What are the underlying business or industry changes driving this perspective?
  • The ongoing acceleration of global electrification, renewable energy adoption, grid modernization, and significant investments in infrastructure (especially in Europe and emerging markets) continue to drive strong organic growth in Nexans' Electrification, Power Grid, and Transmission segments, supporting a robust order backlog and increased revenue visibility for coming years.
  • Nexans' strategic transformation into a near pure-play electrification company, combined with sustained focus on high-value-grid, offshore wind, and specialty cabling solutions, positions the company to benefit from expanding high-margin market opportunities and structurally improve group net margins.
  • Heavy investments in innovation-particularly through the adoption of artificial intelligence for dynamic pricing, predictive demand planning, and operational optimization-are expected to enhance cost efficiency and further boost net margins over time through reduced cost leakage and improved resource allocation.
  • The rapid expansion of data centers and digital infrastructure (aided by urbanization and rising global data consumption) is driving ongoing demand for advanced power and connectivity solutions, providing long-term growth opportunities for Nexans' Grid and Connect businesses and supporting revenue growth.
  • A strengthened balance sheet with near-zero net debt, strong free cash flow, and substantial liquidity creates flexibility for M&A, investments in green/recyclable cable production, and innovation, all of which support long-term earnings growth and higher return on capital employed.
Nexans Earnings and Revenue Growth

Nexans Future Earnings and Revenue Growth

Assumptions

How have these above catalysts been quantified?
  • Analysts are assuming Nexans's revenue will decrease by 3.3% annually over the next 3 years.
  • Analysts assume that profit margins will increase from 3.3% today to 5.0% in 3 years time.
  • Analysts expect earnings to reach €386.6 million (and earnings per share of €9.03) by about July 2028, up from €279.0 million today. However, there is a considerable amount of disagreement amongst the analysts with the most bullish expecting €507 million in earnings, and the most bearish expecting €341 million.
  • In order for the above numbers to justify the analysts price target, the company would need to trade at a PE ratio of 17.0x on those 2028 earnings, down from 20.1x today.
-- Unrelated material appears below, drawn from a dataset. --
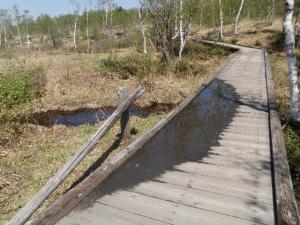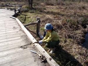 そこで今回、木道の枠に水抜き用の隙間を開けることにしました。

This future PE is lower than the current PE for the GB Electrical industry at 17.6x.
  • Analysts expect the number of shares outstanding to decline by 0.33% per year for the next 3 years.
  • To value all of this in today's terms, we will use a discount rate of 9.02%, as per the Simply Wall St company report.
Nexans Future Earnings Per Share Growth

Nexans Future Earnings Per Share Growth

Risks

What could happen that would invalidate this narrative?
  • Heightened competition and increasing industry capacity, particularly from renewable OEMs and established players, could pressure margins in Nexans' core Grid and Connect businesses, potentially eroding profitability despite recent structural improvements.
  • Nexans' reliance on large M&A for growth and portfolio optimization introduces integration risks and possible short-term margin dilution, as seen with La Triveneta Cavi, which may weigh on group EBITDA and net margins before synergies materialize.
  • Exposure to cyclical end-markets such as construction, automotive, and major infrastructure projects means Nexans could see pronounced revenue and earnings volatility if macroeconomic downturns, geopolitical instability, or project delays materially impact demand.
  • Raw material price volatility (especially in copper and aluminum), in part driven by protectionist tariffs and geopolitical risks, remains a risk to Nexans' cost base; failure to pass these costs on to customers could compress net margins.
  • Accelerating adoption of advanced (potentially wireless) power transmission technologies, stricter environmental regulations, and evolving customer preferences for innovative, integrated solutions may impose additional R&D and compliance costs, creating long-term headwinds for traditional cabling revenues and earnings if Nexans lags in adaptation.

Valuation

How have all the factors above been brought together to estimate a fair value?
  • The analysts have a consensus price target of €117.714 for Nexans based on their expectations of its future earnings growth, profit margins and other risk factors. However, there is a degree of disagreement amongst analysts, with the most bullish reporting a price target of €136.0, and the most bearish reporting a price target of just €91.0.
  • In order for you to agree with the analyst's consensus, you'd need to believe that by 2028, revenues will be €7.7 billion, earnings will come to €386.6 million, and it would be trading on a PE ratio of 17.0x, assuming you use a discount rate of 9.0%.
  • Given the current share price of €127.9, the analyst price target of €117.71 is 8.7% lower. The relatively low difference between the current share price and the analyst consensus price target indicates that they believe on average, the company is fairly priced.
  • We always encourage you to reach your own conclusions though. So sense check these analyst numbers against your own assumptions and expectations based on your understanding of the business and what you believe is probable.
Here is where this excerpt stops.